Under the second phrase, the court concluded that the U.S. Department of Agriculture issued regulations to prevent the dissemination of plant pests or noxious weeds. Specifically, 7 C.F.R. Part 340 restricts the “introduction of regulated articles,” which are termed “presumptive plant pests” and include genetically engineered plants that meet the definition of plant pest as well as other plant pests and noxious weeds. Id. at 21 (citing 7 C.F.R. § 340.1). Thus, the court concluded “to the extent that a regulated article under Part 340 is a plant pest or noxious weed, the Secretary has issued a regulation preventing the dissemination of that plant pest or noxious weed.” Id.

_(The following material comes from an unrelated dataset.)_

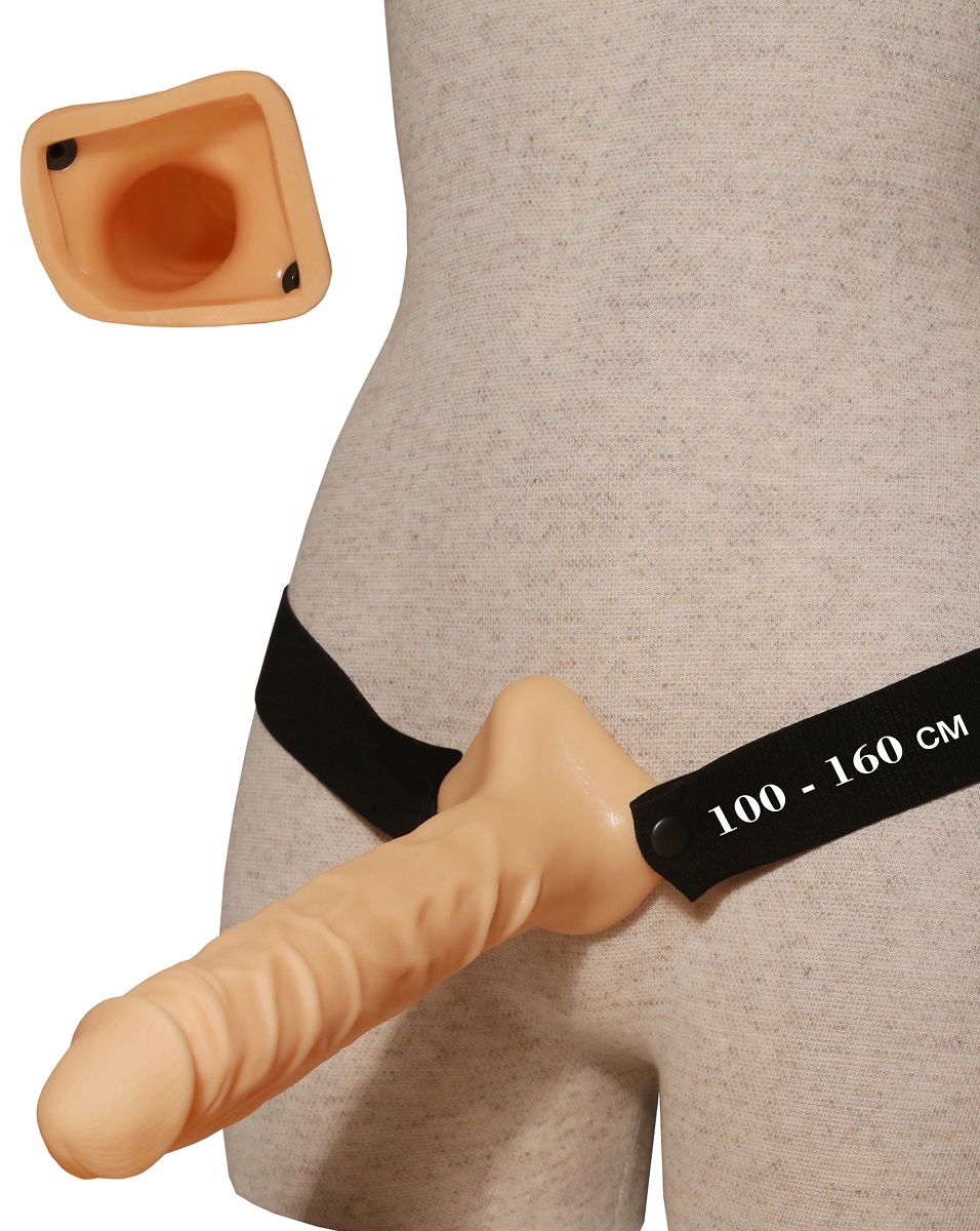 Особенности вашей фигуры больше не будут помехой для использования фаллопротеза. Эта полая модель реалистичной формы фиксируется на теле с помощью широкой и длинной резинки чёрного цвета. Плотно обхватывая бёдра и скрывая внутри вашу плоть, фаллопротез из материала ПВХ-силикон позволит вам порадовать партнёршу чувственными и продолжительными ласками вне зависимости от качества вашей эрекции. Обхват талии до 180 см.

Based on this plain language reading of 7 U.S.C. § 7756(b)(1), the court found that the PPA expressly preempted portions of Ordinance 13-121. The court’s holding was not absolute but instead was limited to the extent that Ordinance 13-121 “bans field testing of genetically engineered plants that are ‘plant pests’ or ‘noxious weeds’ and are regulated under Part 340.” Id. at 22. Thus, the PPA does not preempt the ordinance to the extent it bans field testing of plants that are not plant pests or noxious weeds regulated under Part 340.

Though the court declined to find that the PPA expressly preempted all of Ordinance 13-121 (or that the Coordinated Framework for Regulation of Biotechnology impliedly preempted the ordinance), the court enjoined enforcement of the entire ordinance based on its finding that state law displaced the County’s ability to regulate the cultivation of genetically engineered plants. The issue of state law preemption was very similar to the issues presented in Syngenta Seeds, Inc. v. County of Kauai, No. 14-00014 (D. Haw. Aug. 23, 2014). In both cases the plaintiffs claimed that the Hawaii Constitution grants the state exclusive authority over agriculture and that the Hawaii Department of Agriculture (“HDOA”) established a comprehensive framework for regulating plants, leaving no room for a county to legislate. The court agreed with plaintiffs just as it did in the Syngenta Seeds litigation finding that “Hawaii state law impliedly preempts and invalidates Ordinance 13-121.” Slip Op. at 10.

The court’s decision will undoubtedly influence its future ruling in the pending lawsuit against Maui County challenging the moratorium on GMO cultivation, likely leading to a ruling enjoining that law as well. Additionally, the court’s finding that the PPA expressly preempts state or local laws banning the cultivation of genetically engineered plants that are concurrently regulated under 7 C.F.R. Part 340 should be influential in any future suit targeting similar laws in California or Oregon counties.

DISCLAIMER: Because of the generality of this update, the information provided herein may not be applicable in all situations and should not be acted upon without specific legal advice based on particular situations.